Sparks also cautioned that "the deficiency of USADA's charging document is of serious constitutional concern."
"Indeed, but for two facts, the court might be inclined to find USADA's charging letter was a violation of due process and to enjoin USADA from proceeding thereunder," he said. "First, it would likely be of no practical effect: USADA could easily issue a more detailed charging letter, at which point Armstrong would presumably once again file suit, and the parties would be back in this exact position some time later, only poorer for their legal fees. Second, and more important, USADA's counsel represented to the court that Armstrong will, in fact, receive detailed disclosures regarding USADA's claims against him at a time reasonably before arbitration."
Almost predicting there will be more legal battles in different venues, Sparks found "there are troubling aspects of this case, not least of which is USADA' s apparent single-minded determination to force Armstrong to arbitrate the charges against him, in direct conflict with UCI's equally evident desire not to proceed against him."
"Unfortunately, the appearance of conflict on the part of both organizations creates doubt the charges against Armstrong would receive fair consideration in either forum," Sparks said. "The issue is further complicated by USA Cycling's late-breaking show of support for UCI, and apparent opposition to USADA's proceeding -- a wrinkle which does not change the court's legal analysis, but only confirms that these matters should be resolved internally, by the parties most affected, rather than by edict of this court."
Sparks had no desire to intervene in the fight between cycling and drug-testing authorities in a case that cites offenses going back 14 years.
"As mystifying as USADA's election to proceed at this date and in this manner may be, it is equally perplexing that these three national and international bodies are apparently unable to work together to accomplish their shared goal -- the regulation and promotion of cycling," Sparks said. "However, if these bodies wish to damage the image of their sport through bitter infighting, they will have to do so without the involvement of the United States courts."
USADA says Armstrong took steroids and blood boosters to win the Tour de France every year from 1999 to 2005. Penalties could include a lifetime ban from cycling and loss of his titles.
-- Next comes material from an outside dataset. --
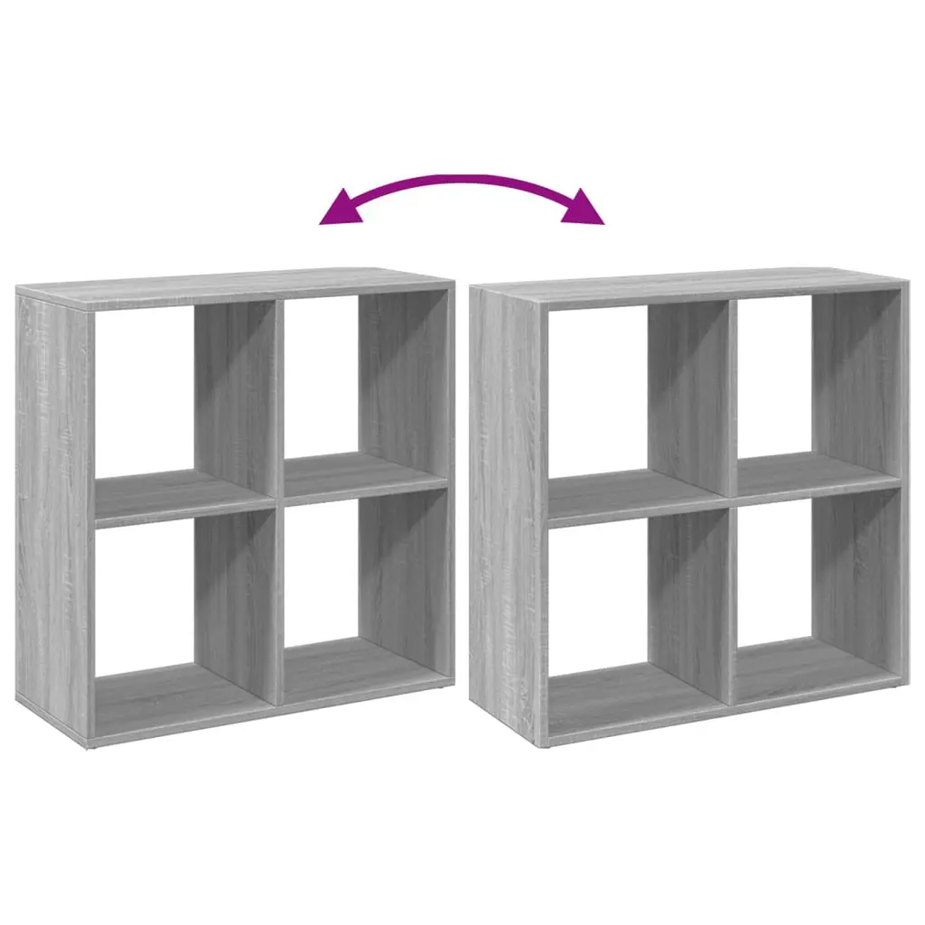 This room divider bookcase is a smart mix of style and usefulness, made from engineered wood to last. With a sleek grey sonoma finish, it spruces up any living area, acting as both storage and a decorative touch that upgrades your space. Ample Storage: This fab piece has four roomy compartments that let you tidy up books, decor, and personal bits easily. It's just what you need to declutter while keeping things handy.Contemporary Appeal: The bookcase shows off a modern geometric pattern that lifts the vibe of any space. Its sleek lines and matte finish give it a classy look, making it a great choice for modern homes.Sturdy Craftsmanship: Crafted from quality engineered wood, this storage unit is made to handle daily use while staying good-looking. Its solid build means you'll get years of use out of it.Versatile Use: Not just for books! This bookcase works as a room divider too, adding both privacy and style to open areas, while doubling as a display shelf for treasured bits.Dimensions Matter: At 27.4 in high, 11.4 in wide, and 27.4 in long, this compact yet spacious bookcase fits easily into smaller spaces, making it ideal for apartments and snug living areas.

USADA has said former teammates of Armstrong will testify that his teams had a long-running doping program.
"The rules in place have protected the rights of athletes for over a decade in every case USADA has adjudicated," USADA CEO Travis Tygart said in a statement, "and we look forward to a timely, public arbitration hearing in this case, should Mr. Armstrong choose, where the evidence can be presented, witness testimony will be given under oath and subject to cross examination, and an independent panel of arbitrators will determine the outcome of the case."
Mark Fabiani, a spokesman for Armstrong, declined immediate comment.